April 19th I woke up feeling like testing, I didn't bother. Went back to bed, tired etc...woke up 10:30 am and decided to test because I had an appointment with my hairdresser and I ALWAYS test for bfp before colouring my hair while TTC. However I didn't expect any good news. I guess it was my instincts that just knew it was a bfp. AS SOON AS I DIPPED THE POAS I SAW TWO PINK LINES! I wasn't sure because I never used 'answers' before so I got a clear blue poas (which I had since over a year) and AS SOON AS I DIPPED IT,(with the same urine I used for the other test/ second morning urine) I SAW A POSITIVE! By that time I looked at the answers test and BAM! Two dark red lines. I was standing in shock and confused :wacko:
I am still in shock. I am more scared and worried than excited.I didn't even think about a bfp and I finally got it.
Just two days before my bfp I went with my friend to her first dr's appointment and I was very sad when I saw all those pregnant women. She wanted to go to the nursery and I said no. I couldn't handle it..not knowing I am pregnant!:shrug:
I haven't told anyone except my hairdresser and my hubby (who is excited).
Immediately I called him on work and he came...saw the bfp, took me to the hospital to confirm it, made my first appointment and went back to work lol.
He's been showering me with royal treatment ever since and even bought me a gift Just Because. :cloud9:


----------



## Shey

Congrats mami!


----------



## lesh07

Congrats hunni. Xx


----------



## Forrest

thanks ladies. Now it's scary after a mc because I'm worried about loosing this pregnancy too. Have you had af symptoms when you got your bfp?
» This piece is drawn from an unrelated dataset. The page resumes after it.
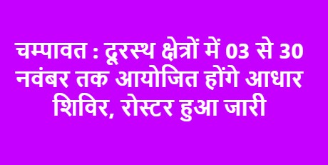 चम्पावत : दूरस्थ क्षेत्रों में 03 से 30 नवंबर तक आयोजित होंगे आधार शिविर, रोस्टर हुआ जारी

When did it stop?


----------



## bumski

massive massive congratulations to you, reading stories like this brings a tear to my eye because i understand how hard the last few years must have been for you. enjoy every minute hun xxx


----------



## Taniablack

Wow, congratulations!


----------



## angel2010

Congrats!!!


----------



## greeneyes0279

Congrats!


----------



## junebaby08

this is awesome!!! so happy for you!!! congrats


----------



## Forrest

Thanks gals. I am so shocked that I though it was all a dream until I saw my pregnancy tests (which I have in zip lock on my dresser) lol I'm so happy. Another amazing thing is that someone offered me to go to a 'witch doctor ' for the lack of words........ to get "help " becoming pregnant. However, my response was -
I don't want a child from the devil. I serve THE ALMIGHTY GOD. HE IS ALL POWERFUL, HE created it ALL by HIMSELF and nothing is too hard for HIM to do.!!!! I leave it in the hands of GOD. So I no longer have that friend but I'm glad I didn't go and dabble in witchcraft etc.
Even though I was hurting I just had to trust GOD and wait upon HIM. Sometimes we are tested and tried before we can be rewarded /blessed :)


----------



## Forrest

bumski said:


> massive massive congratulations to you, reading stories like this brings a tear to my eye because i understand how hard the last few years must have been for you. enjoy every minute hun xxx

Thanks bumski, I'm enjoying but at the same time I'm worried and I think I'll do my happy dance at 7months! Lol just kidding. 
I see you've been through a lot too. So happy for you.:flower:

By the way ........your dog is adorable :)


----------



## CharCharxxx

So happy for you, enjoy it hun congratulations! Xxx


----------



## bumski

Forrest said:


> bumski said:
> 
> 
> massive massive congratulations to you, reading stories like this brings a tear to my eye because i understand how hard the last few years must have been for you. enjoy every minute hun xxx
> 
> Thanks bumski, I'm enjoying but at the same time I'm worried and I think I'll do my happy dance at 7months! Lol just kidding.
> I see you've been through a lot too. So happy for you.:flower:
> 
> By the way ........your dog is adorable :)Click to expand...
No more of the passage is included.